But not only that.  It also follows from the Anselmian definition that nothing short of a worship-worthy being could be God.  So a First Cause could not count as God for a philosophical theist who operates with the concept of God  in Judeo-Christian monotheism.  Within this tradition the God of philosophy is not different from the God of  religion.  It is the same God, but approached via discursive reason rather than via  faith in revelation.

 

Still More on the God of the Philosophers Versus the God of Abraham, et al.

Ken e-mails and I respond in blue:

I turn on my computer and check out the Maverick Philosopher and suddenly half of my day is shot.

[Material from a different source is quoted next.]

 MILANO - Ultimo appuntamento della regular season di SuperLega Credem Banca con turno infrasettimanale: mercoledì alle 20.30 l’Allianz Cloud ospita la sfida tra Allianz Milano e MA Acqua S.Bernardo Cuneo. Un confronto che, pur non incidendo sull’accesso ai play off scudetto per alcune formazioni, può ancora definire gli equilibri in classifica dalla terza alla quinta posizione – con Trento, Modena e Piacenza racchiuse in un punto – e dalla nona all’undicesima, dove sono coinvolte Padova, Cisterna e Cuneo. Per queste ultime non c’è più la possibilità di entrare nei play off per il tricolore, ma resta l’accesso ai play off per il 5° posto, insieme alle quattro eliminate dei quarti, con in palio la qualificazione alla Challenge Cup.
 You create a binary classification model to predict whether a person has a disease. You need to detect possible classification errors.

First I have to look up the word 'pellucidity' and then I am stuck trying to figure out why your claim about the phrases 'God-P' and 'God-R' does not seem right to me.

It sounds like I'm doing something right!  You can look up a word without getting out of your chair.  Here's a tip that you may already be aware of:  type 'define: pellucidity' (without the inverted commas) into the Google search box and you will get a page of definitions, some of them from reputable sources.  (I don't consider Wikipedia a particularly reputable source.) Needless to say, this works for almost any word inserted after the colon and not just for 'pellucidity'!

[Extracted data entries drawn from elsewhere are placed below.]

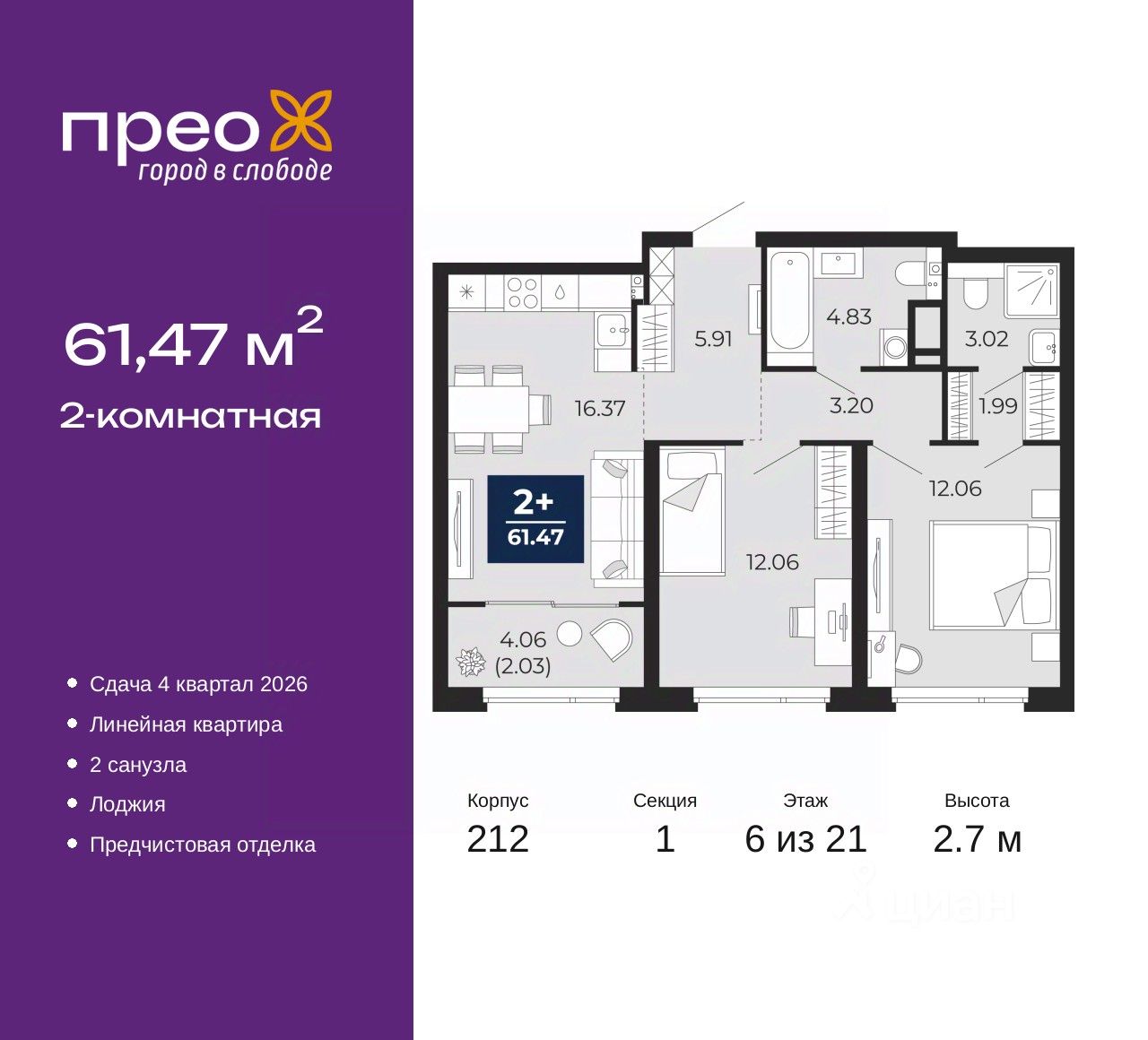 Двухкомнатная квартира с предчистовой отделкой в ЖК "Прео" на 6 этаже. Общая площадь: 61.47 кв.м., жилая: 24.12 кв.м., площадь просторной кухни-столовой: 16.37 кв.м. Комнаты изолированные, все окна выходят на одну сторону. В квартире одна лоджия, два совмещенных санузла. Высота потолков 2.7 м.
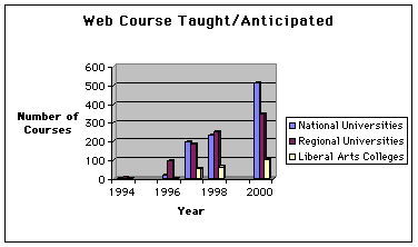 Among those reporting the relevant numbers, the average ratios of the number of Web courses anticipated in 1998 to the number taught in 1997 was 1.79. The average ratio of the number of Web courses anticipated in 2000 to the number taught in 1997 was 8.19. This exhibits an expectation of a doubling time of one year.
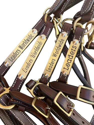 Leaders - Cabestro de cuero de 3/4 pulgadas para caballos con placa de nombre grabada personalizada, cuero marrón con herrajes de latón macizo
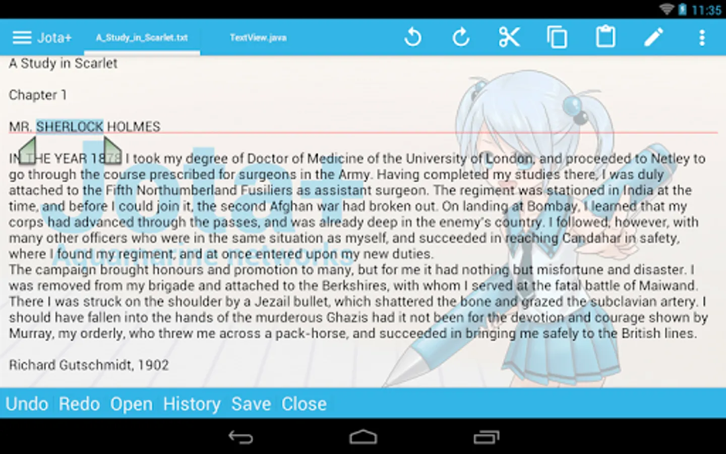 Jota+ is the best text editor for Android.
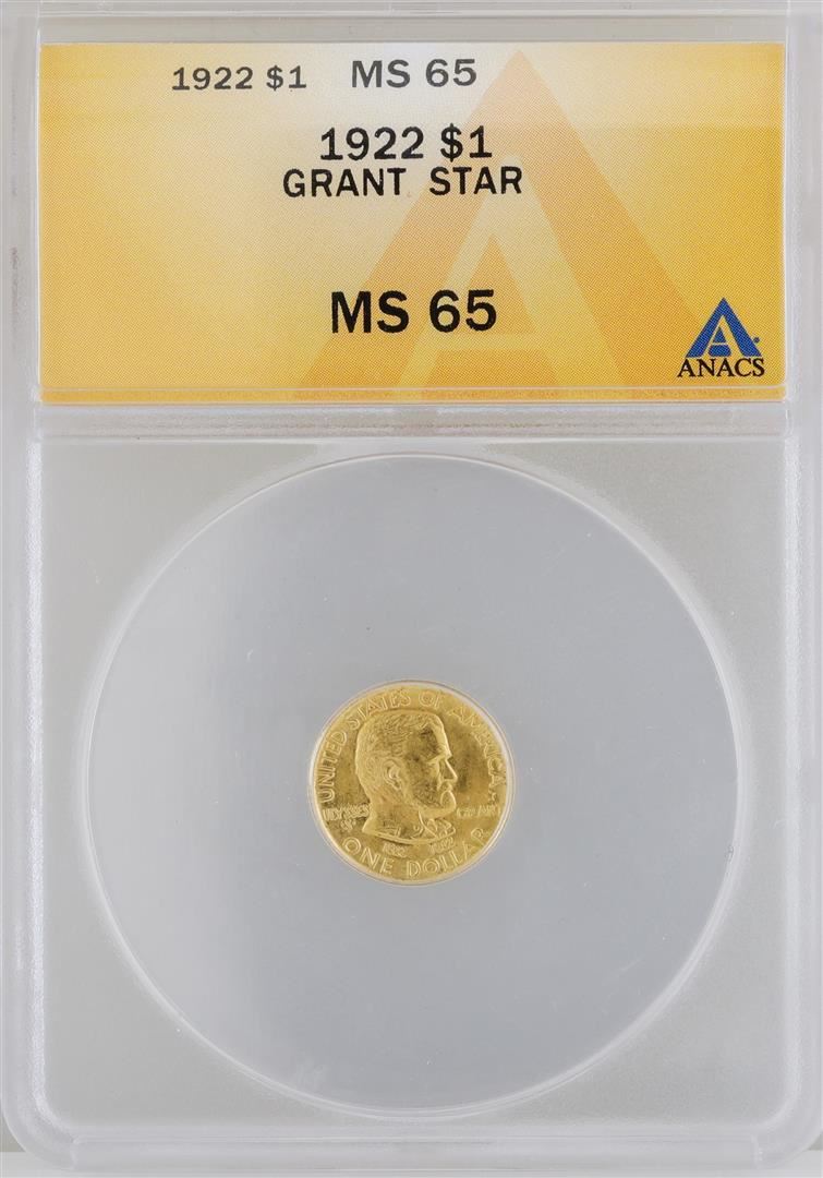 One 1922 $1 Grant/Star Gold Coin. ANACS certified. ANACS Appraised.
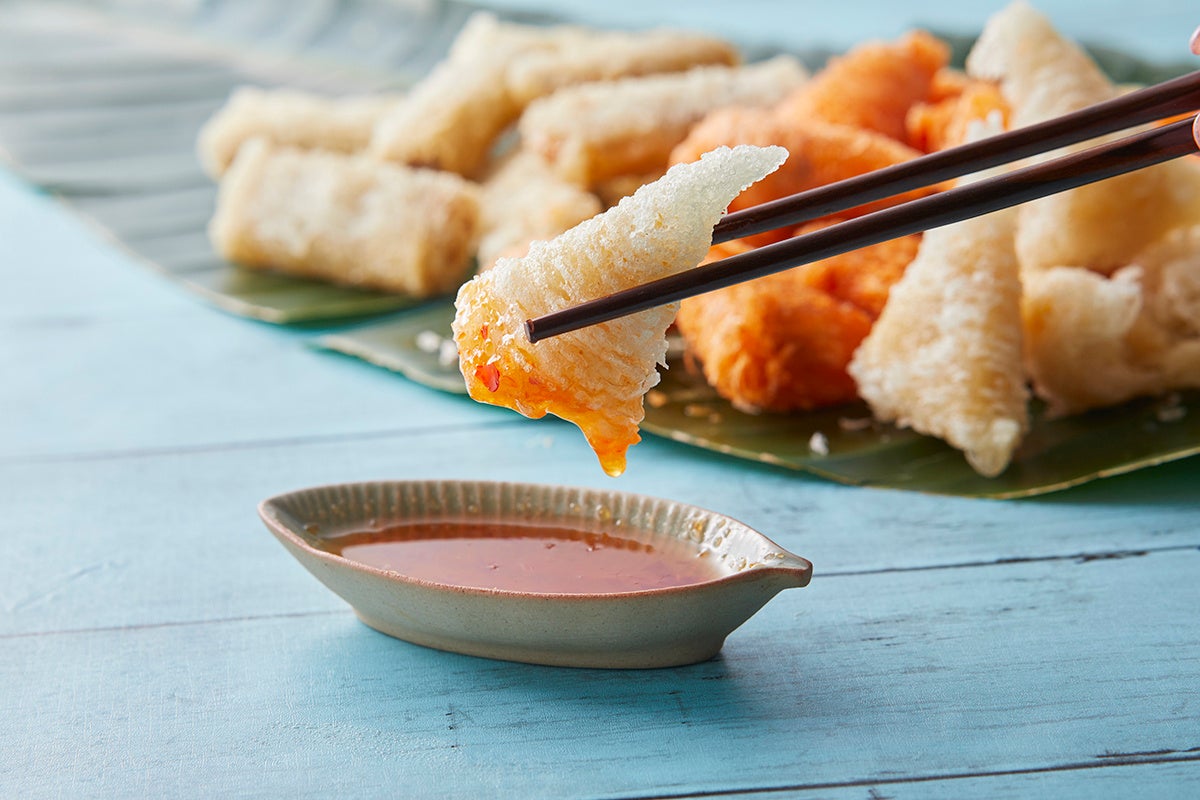 【網春巻き(3種)】網状のライスペーパーで包んで揚げた春巻き。海鮮と海老、貝柱の3種の味と、パリパリの食感をお楽しみください。

I agree that the sentence [from Martin Buber], "What the philosophers describe by the name of God cannot be more than an idea," is false but to state that that 'God-P' and 'God-R' have the same referent, if they have a referent, seems false to me as it carries an assumption of the monotheism of the 'God-R' that may not be present in 'God-P.' The idea that there is and can only be one God is one that does not have to be accepted in 'God-P' and I do not believe that it would be possible, except by defining 'God-P' ='God-R', for 'God-P' and 'God-R' to always have the same referent. Maybe you can point out where I am wrong and what I missed.

Well, every discussion occurs within a context, a context  which cannot be ignored or set aside, since the very meaning of the terms of the debate is influenced by the context.  The present immediate context is Pascal's exclamation, "God of Abraham, God of Isaac, God of Jacob — not of the philosophers and scholars"  and Buber's comment thereon.  The Pascalian exclamation and the Buberian comment themselves fit  into a wider context, Judeo-Christian monotheism.  The question before us  is whether, within this Judeo-Christian monotheistic context, there is any merit to the notion that what philosophers qua philosophers talk about and argue for and against is numerically different from what religionists qua religionists talk about and try to relate themselves to. My answer is plain from my earlier posts: this notion has no merit whatsoever.

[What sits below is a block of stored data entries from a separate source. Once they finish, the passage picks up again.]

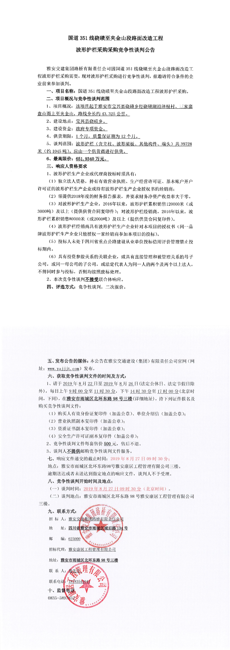 雅安交建集團(tuán)路橋有限責(zé)任公司國道351線磽磧至夾金山段路面改造工程波形護(hù)欄采購項(xiàng)目競(jìng)爭(zhēng)性談判公告
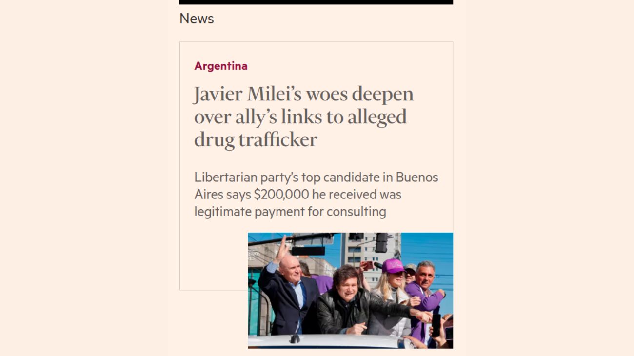 La publicación británica especializada en economía analiza las repercusiones de las acusaciones que pesan sobre el candidato de La Libertad Avanza en la provincia de Buenos Aires.
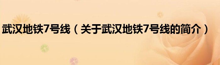 本文關于武漢地鐵7號線的簡介就講解完畢,希望對大家有所幫助。

Your suggestion seems to be that the God(s) of the philosophers needn't be one, but could be many, even if the God of the religionists must be one.  My answer to you is very simple:  in the precise context I have specified, namely, the context of Judeo-Christian monotheism, both the God of the philosophers and the God of the religionists is one.  Polytheism is simply not a Jamesian live option within this tradition and certainly  was not for Pascal and Buber whose utterances provide the immediate context of my remarks.

Of course, there is nothing to stop you or anyone from shifting the context.  Philosophers are free to make a case for polytheism if they care to.   Within the community of polytheists, the question could arise whether the gods of the philosophers (the gods the polytheistic philosophers argue for) are the same as the gods of the religionists (the gods the polytheistic religionists invoke in prayer, etc.)  But that question is not my question.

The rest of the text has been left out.